L’humour au service de la cause LGBT+

À l’instar de Daarya, d’autres artistes s’engagent, mais avec d’autres moyens d’expression. Khulan Batbaatar, humoriste lesbienne non-binaire connue sous le nom de scène « Kena », utilise le rire pour aborder les questions LGBT+. Membre du collectif « Big Sistas », qui milite pour la reconnaissance de la diversité de genre, elle évolue dans un univers comique encore très dominé par les hommes et les blagues sexistes.

« Jeune, je n’ai jamais vu de personne LGBT heureuse. Tous mes modèles ont vu leurs vies brisées par l’homophobie », confie Kena. Aujourd’hui, elle veut montrer à ses jeunes abonnés qu’il est possible de réussir et de s’épanouir.
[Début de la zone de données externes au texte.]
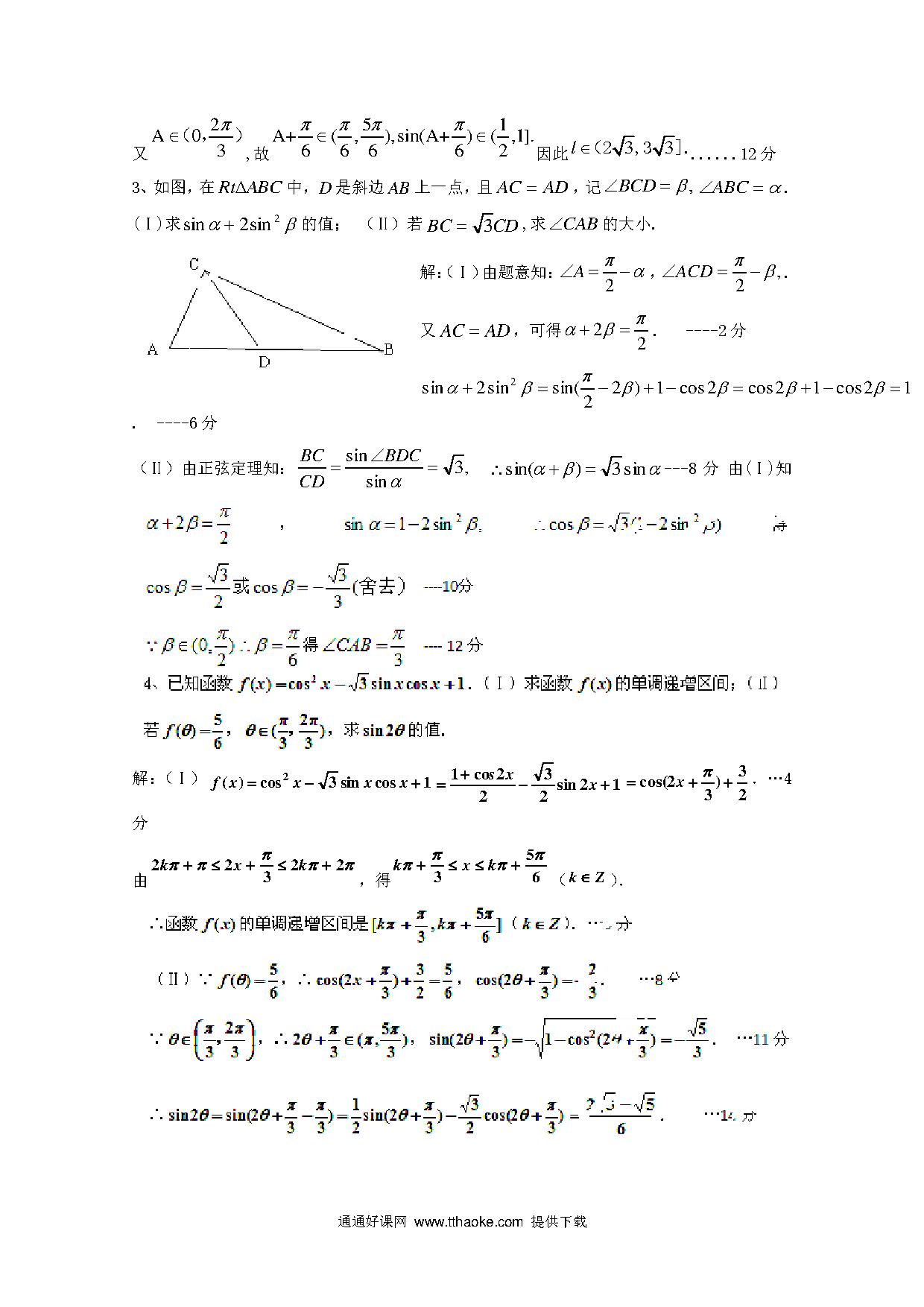 2012高考数学冲刺易错点 三角函数

Sur scène, elle mêle récits de vie personnelle et humour du quotidien. « Quand on parle de nos problèmes avec humour et que nos histoires sont bien racontées, ça fait mouche », explique-t-elle.

Une réalité sociale encore difficile

Malgré ces figures inspirantes, la vie des personnes LGBT+ en Mongolie reste marquée par l’exclusion et la précarité. Tseveenravdan Tsogbat, directeur de l’ONG Youth Lead Mongolia, souligne les défis persistants : les discriminations dans les établissements scolaires poussent nombre d’adolescents, surtout transgenres, à quitter l’école prématurément. Sans diplôme, ils se retrouvent cantonnés à des emplois mal rémunérés, souvent insuffisants pour subvenir à leurs besoins.
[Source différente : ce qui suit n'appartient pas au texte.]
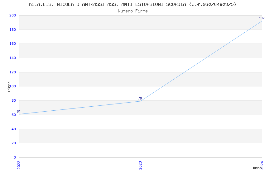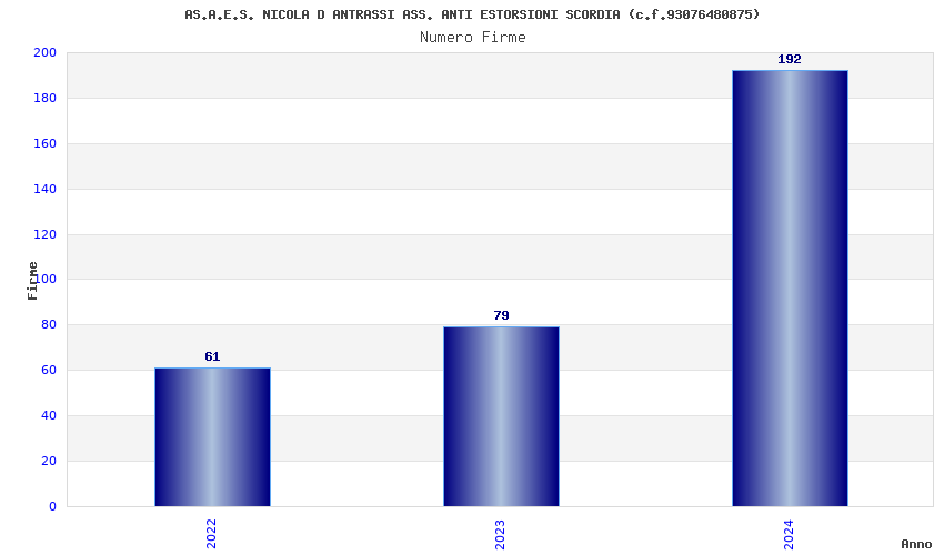 | Anno | Firme | Importi | Media | Naz. | Reg. | Prov. | Comu. |
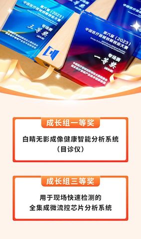 經(jīng)過初賽、復(fù)賽的層層選拔,來自全國的30余支優(yōu)勝團(tuán)隊從逾百個報名的優(yōu)質(zhì)創(chuàng)新項目中脫穎而出,入圍決賽。其中“白睛無影成像健康智能分析系統(tǒng)(目診儀)”和“用于現(xiàn)場快速檢測的全集成微流控芯片分析系統(tǒng)”成功突圍,榮獲成長組一等獎和三等獎的殊榮。 此次獲獎是對我們產(chǎn)品創(chuàng)新和研發(fā)實力的充分認(rèn)可及肯定。

Une étude du LGBT Centre Mongolia indique que 27 % des personnes LGBT vivent avec un revenu inférieur au salaire minimum, fixé à 420 000 tugriks (environ 108 euros). Certains sont même chassés de chez eux par leur famille. « C’est pour cela qu’on dit souvent qu’il ne faut pas faire son coming-out en hiver », ironise Tseveenravdan, en référence aux températures qui peuvent descendre jusqu’à -40 °C, un danger mortel pour ceux qui se retrouvent sans abri. « Quand les gens voient Daarya, ils pensent que la vie des personnes transgenres est facile (…) Ils ignorent la réalité de notre quotidien », ajoute-t-il.

Des figures de visibilité qui font évoluer les mentalités

Malgré ce contexte difficile, certains perçoivent des signes d’espoir. Anuka Anar, une personne non-binaire de 22 ans vivant à Oulan-Bator, se réjouit de voir émerger des figures publiques assumant pleinement leur identité. « Certains parents demandent à leurs enfants de cacher qui ils sont, par peur de l’homophobie. Mais quand ils voient que des membres de cette communauté deviennent des personnalités publiques, ils comprennent que leurs enfants aussi peuvent être aimés », affirme Anuka.